#### [Exercise requirements]
Exactly the lines below starting at the line with "- EASY INSTALLATION: The" and ending at the line with "I don't want" are wanted, with both ends included. Leave out the pictures and add no other lines.

#### [Data for review]
◇ ◇ ◇ ◇ ◇

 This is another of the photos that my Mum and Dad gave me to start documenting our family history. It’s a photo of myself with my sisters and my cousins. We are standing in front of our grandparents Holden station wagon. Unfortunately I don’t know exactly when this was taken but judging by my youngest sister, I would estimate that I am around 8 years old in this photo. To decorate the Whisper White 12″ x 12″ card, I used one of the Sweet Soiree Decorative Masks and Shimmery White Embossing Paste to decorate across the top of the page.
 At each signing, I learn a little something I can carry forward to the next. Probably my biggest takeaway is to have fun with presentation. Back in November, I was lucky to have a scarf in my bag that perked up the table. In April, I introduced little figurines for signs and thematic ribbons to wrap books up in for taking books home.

◇ ◇ ◇ ◇ ◇

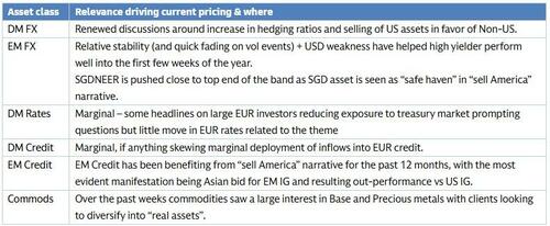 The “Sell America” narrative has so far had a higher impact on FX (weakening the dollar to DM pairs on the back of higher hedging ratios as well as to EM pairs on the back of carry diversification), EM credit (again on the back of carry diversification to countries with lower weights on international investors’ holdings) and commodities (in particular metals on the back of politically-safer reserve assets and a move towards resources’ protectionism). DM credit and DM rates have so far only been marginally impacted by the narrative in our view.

◇ ◇ ◇ ◇ ◇

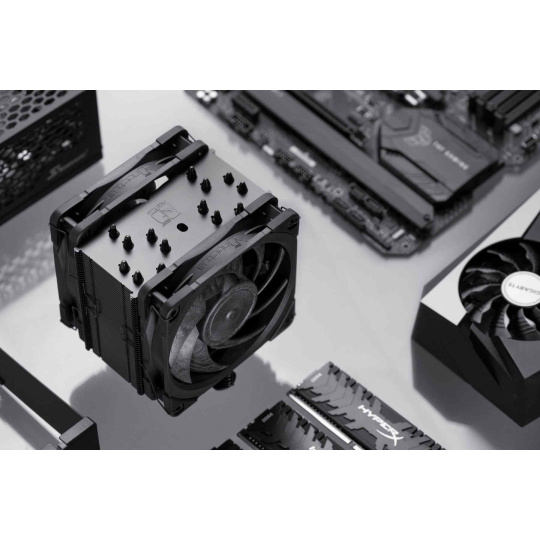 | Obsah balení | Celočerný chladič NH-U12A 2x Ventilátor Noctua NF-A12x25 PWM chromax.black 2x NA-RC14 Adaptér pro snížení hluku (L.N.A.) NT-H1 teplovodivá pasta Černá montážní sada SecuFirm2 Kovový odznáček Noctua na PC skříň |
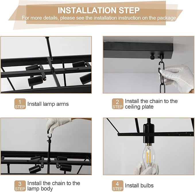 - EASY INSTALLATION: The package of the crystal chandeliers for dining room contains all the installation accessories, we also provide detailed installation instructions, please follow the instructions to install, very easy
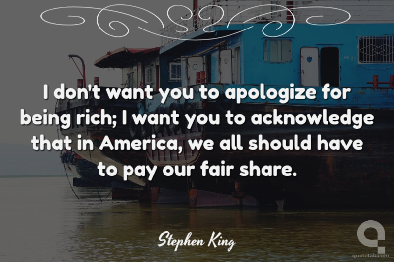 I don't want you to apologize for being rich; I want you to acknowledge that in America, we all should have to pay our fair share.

◇ ◇ ◇ ◇ ◇

#### [Completed exercise]
 - EASY INSTALLATION: The package of the crystal chandeliers for dining room contains all the installation accessories, we also provide detailed installation instructions, please follow the instructions to install, very easy
 I don't want you to apologize for being rich; I want you to acknowledge that in America, we all should have to pay our fair share.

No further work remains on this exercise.